Skip the images and return the records below exactly.
───── Information ─────
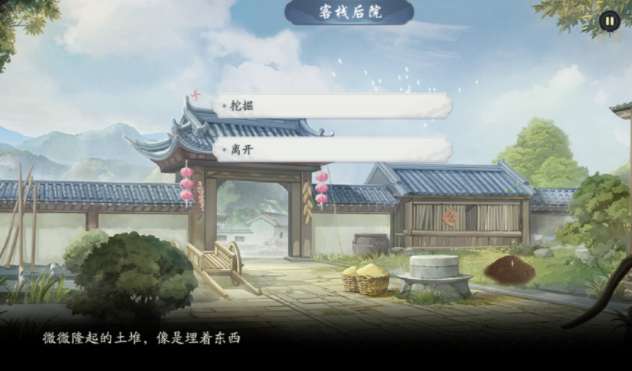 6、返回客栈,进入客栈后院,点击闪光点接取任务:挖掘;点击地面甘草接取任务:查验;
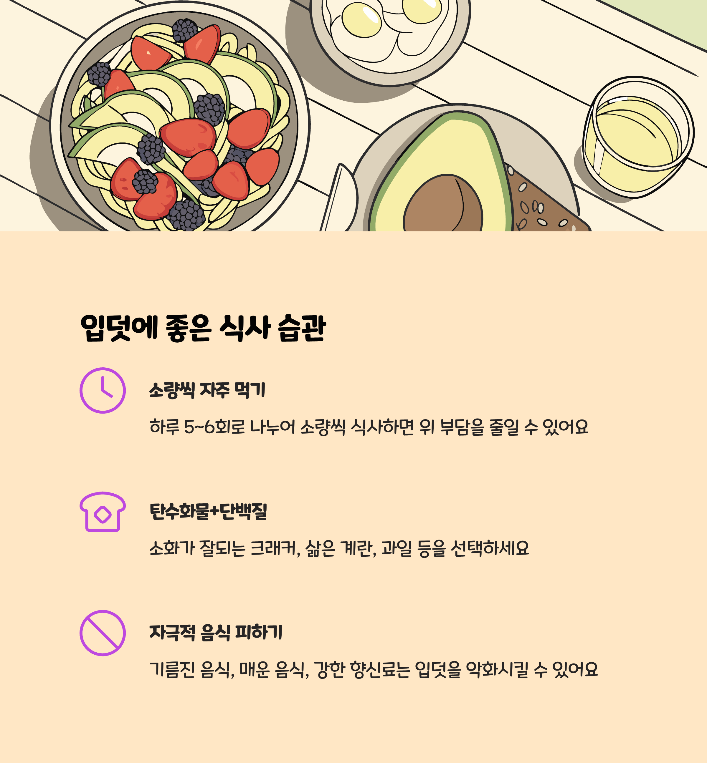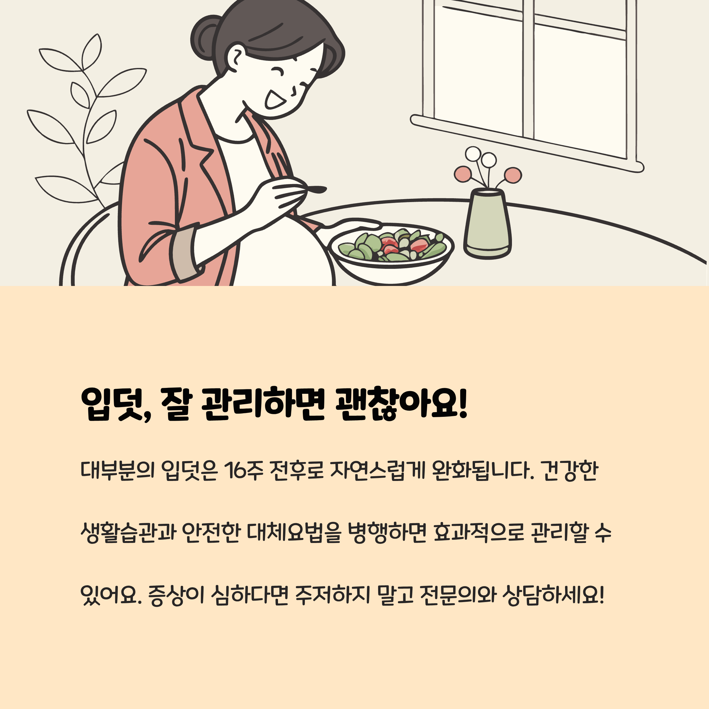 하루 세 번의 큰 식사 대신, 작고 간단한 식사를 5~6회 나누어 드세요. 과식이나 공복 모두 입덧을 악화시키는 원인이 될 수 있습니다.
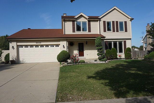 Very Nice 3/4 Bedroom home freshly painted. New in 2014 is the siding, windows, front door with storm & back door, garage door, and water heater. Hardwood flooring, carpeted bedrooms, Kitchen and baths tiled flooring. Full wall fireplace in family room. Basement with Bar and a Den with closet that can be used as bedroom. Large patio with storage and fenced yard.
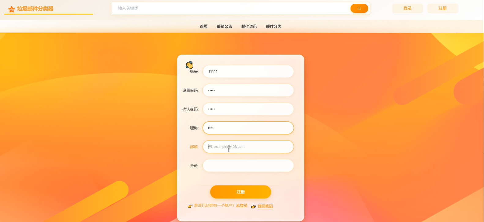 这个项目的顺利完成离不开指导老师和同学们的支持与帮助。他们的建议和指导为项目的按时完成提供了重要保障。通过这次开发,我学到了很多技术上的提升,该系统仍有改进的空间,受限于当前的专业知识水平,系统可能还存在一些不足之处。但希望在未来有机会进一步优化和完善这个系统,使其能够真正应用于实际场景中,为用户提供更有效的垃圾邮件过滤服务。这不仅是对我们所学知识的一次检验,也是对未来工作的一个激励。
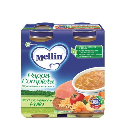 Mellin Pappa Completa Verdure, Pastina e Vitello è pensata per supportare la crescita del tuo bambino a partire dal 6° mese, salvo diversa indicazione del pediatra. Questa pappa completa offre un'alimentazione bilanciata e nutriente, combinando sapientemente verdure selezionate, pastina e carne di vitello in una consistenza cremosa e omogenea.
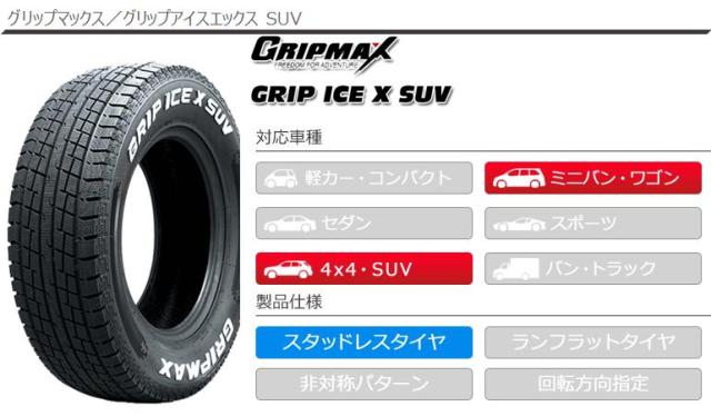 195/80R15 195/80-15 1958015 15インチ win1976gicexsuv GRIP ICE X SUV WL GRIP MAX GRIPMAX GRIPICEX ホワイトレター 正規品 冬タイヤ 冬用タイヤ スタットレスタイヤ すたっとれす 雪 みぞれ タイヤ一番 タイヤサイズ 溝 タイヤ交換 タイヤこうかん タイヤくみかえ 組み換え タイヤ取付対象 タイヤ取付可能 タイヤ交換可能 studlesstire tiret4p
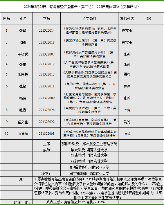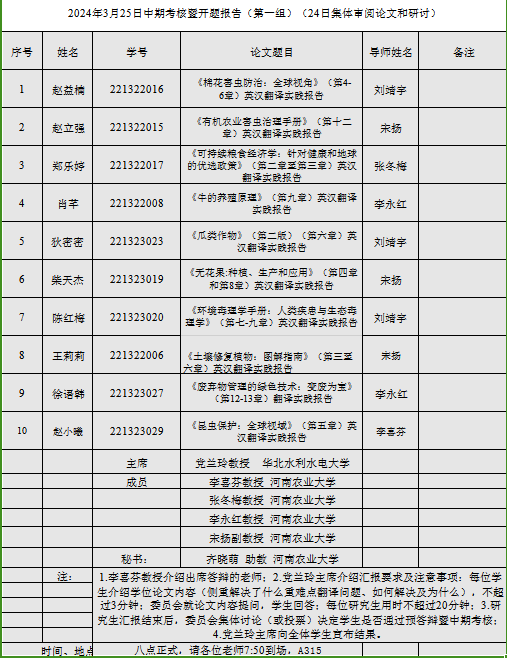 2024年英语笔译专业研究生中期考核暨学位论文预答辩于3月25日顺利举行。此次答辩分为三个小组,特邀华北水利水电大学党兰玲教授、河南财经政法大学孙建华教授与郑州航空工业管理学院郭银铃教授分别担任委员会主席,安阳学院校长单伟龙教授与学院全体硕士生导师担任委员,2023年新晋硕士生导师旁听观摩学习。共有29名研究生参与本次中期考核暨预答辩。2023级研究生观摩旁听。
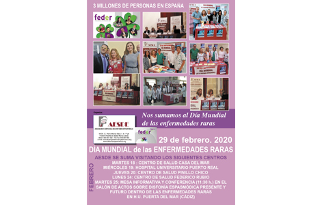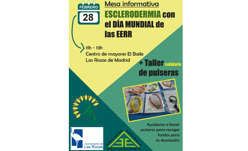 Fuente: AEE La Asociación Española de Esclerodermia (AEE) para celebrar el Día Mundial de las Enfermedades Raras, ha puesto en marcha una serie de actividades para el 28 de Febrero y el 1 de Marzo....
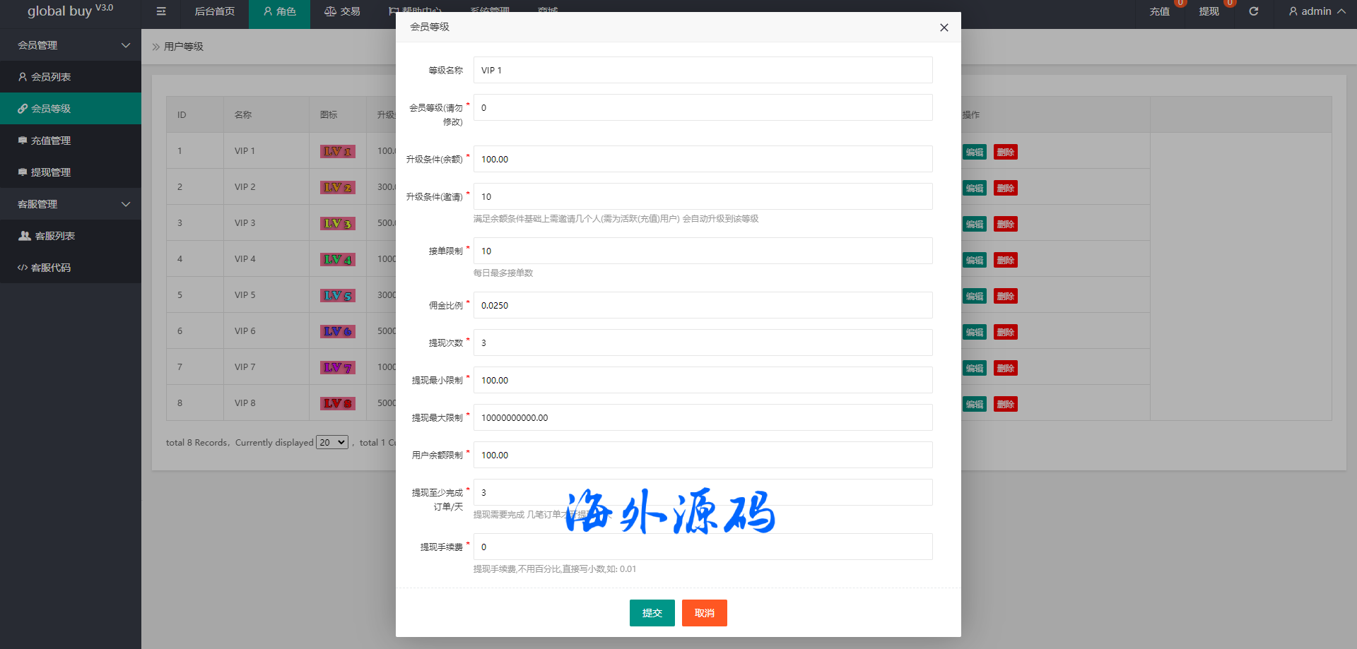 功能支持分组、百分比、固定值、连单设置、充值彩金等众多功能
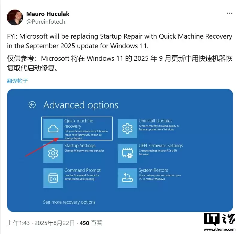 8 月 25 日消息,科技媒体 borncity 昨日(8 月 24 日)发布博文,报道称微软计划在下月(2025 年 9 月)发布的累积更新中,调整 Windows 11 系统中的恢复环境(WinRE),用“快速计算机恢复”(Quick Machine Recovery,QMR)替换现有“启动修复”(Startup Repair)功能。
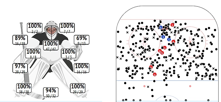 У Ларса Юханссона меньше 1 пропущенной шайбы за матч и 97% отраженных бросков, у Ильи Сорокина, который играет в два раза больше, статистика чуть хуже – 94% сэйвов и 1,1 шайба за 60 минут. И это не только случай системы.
─────
### Response to this task
 6、返回客栈,进入客栈后院,点击闪光点接取任务:挖掘;点击地面甘草接取任务:查验;
 하루 세 번의 큰 식사 대신, 작고 간단한 식사를 5~6회 나누어 드세요. 과식이나 공복 모두 입덧을 악화시키는 원인이 될 수 있습니다.
 Very Nice 3/4 Bedroom home freshly painted. New in 2014 is the siding, windows, front door with storm & back door, garage door, and water heater. Hardwood flooring, carpeted bedrooms, Kitchen and baths tiled flooring. Full wall fireplace in family room. Basement with Bar and a Den with closet that can be used as bedroom. Large patio with storage and fenced yard.
 这个项目的顺利完成离不开指导老师和同学们的支持与帮助。他们的建议和指导为项目的按时完成提供了重要保障。通过这次开发,我学到了很多技术上的提升,该系统仍有改进的空间,受限于当前的专业知识水平,系统可能还存在一些不足之处。但希望在未来有机会进一步优化和完善这个系统,使其能够真正应用于实际场景中,为用户提供更有效的垃圾邮件过滤服务。这不仅是对我们所学知识的一次检验,也是对未来工作的一个激励。
 Mellin Pappa Completa Verdure, Pastina e Vitello è pensata per supportare la crescita del tuo bambino a partire dal 6° mese, salvo diversa indicazione del pediatra. Questa pappa completa offre un'alimentazione bilanciata e nutriente, combinando sapientemente verdure selezionate, pastina e carne di vitello in una consistenza cremosa e omogenea.
 195/80R15 195/80-15 1958015 15インチ win1976gicexsuv GRIP ICE X SUV WL GRIP MAX GRIPMAX GRIPICEX ホワイトレター 正規品 冬タイヤ 冬用タイヤ スタットレスタイヤ すたっとれす 雪 みぞれ タイヤ一番 タイヤサイズ 溝 タイヤ交換 タイヤこうかん タイヤくみかえ 組み換え タイヤ取付対象 タイヤ取付可能 タイヤ交換可能 studlesstire tiret4p
 2024年英语笔译专业研究生中期考核暨学位论文预答辩于3月25日顺利举行。此次答辩分为三个小组,特邀华北水利水电大学党兰玲教授、河南财经政法大学孙建华教授与郑州航空工业管理学院郭银铃教授分别担任委员会主席,安阳学院校长单伟龙教授与学院全体硕士生导师担任委员,2023年新晋硕士生导师旁听观摩学习。共有29名研究生参与本次中期考核暨预答辩。2023级研究生观摩旁听。
 Fuente: AEE La Asociación Española de Esclerodermia (AEE) para celebrar el Día Mundial de las Enfermedades Raras, ha puesto en marcha una serie de actividades para el 28 de Febrero y el 1 de Marzo....
 功能支持分组、百分比、固定值、连单设置、充值彩金等众多功能
 8 月 25 日消息,科技媒体 borncity 昨日(8 月 24 日)发布博文,报道称微软计划在下月(2025 年 9 月)发布的累积更新中,调整 Windows 11 系统中的恢复环境(WinRE),用“快速计算机恢复”(Quick Machine Recovery,QMR)替换现有“启动修复”(Startup Repair)功能。
 У Ларса Юханссона меньше 1 пропущенной шайбы за матч и 97% отраженных бросков, у Ильи Сорокина, который играет в два раза больше, статистика чуть хуже – 94% сэйвов и 1,1 шайба за 60 минут. И это не только случай системы.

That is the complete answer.